The Sombrero Galaxy The galaxy is 50,000 light-years across and 28 million light years from Earth .The glowing bulge holds a population of stars largely different from those in the flat disk. Look close to see numerous slightly fuzzy stars, each of which is itself composed of many hundreds of thousands of stars.

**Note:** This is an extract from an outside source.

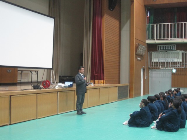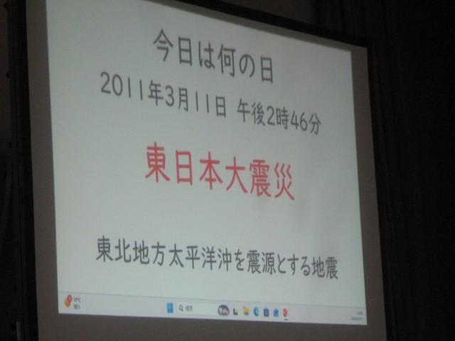 本日、今年度最後の「にんげん学」を行いました。まず副校長先生より15年前の3月11日に東日本大震災が起こったこと、当たり前と思うことが実は当たり前ではないことなどの話があり、14時46分に東日本大震災で犠牲になった方に哀悼の意を込めて黙禱を行いました。そして、「にんげん学」では、本市で行っている被災地派遣事業に中学生の頃に参加した藤先生の話でした。本日は、ニュースなどでも東日本大震災のことが取り上げられます。風化させないことが大切です!

Stellar Spire in the Eagle Nebula Appearing like a winged fairy-tale creature, this object is actually a spiraling tower of cold gas and dust rising from a stellar nursery called the Eagle Nebula. This tower is about 57 trillion miles high, about twice the distance from our Sun to the next nearest star. The tower is a giant incubator for newborn stars
Pismis 24 The small open star cluster Pismis 24 contains extremely massive stars. The brightest object in the picture was once thought to weigh as much as 200 to 300 solar masses. ( 200 to 300 solar mass is 200 to 300 times the mass of the sun.) This would have made it by far the most massive known star in the galaxy, and put it considerably above the currently believed “ biggest star” that weighs only 150 solar masses.However, Hubble images show that it is really two stars, each 100 solar masses, orbiting one another.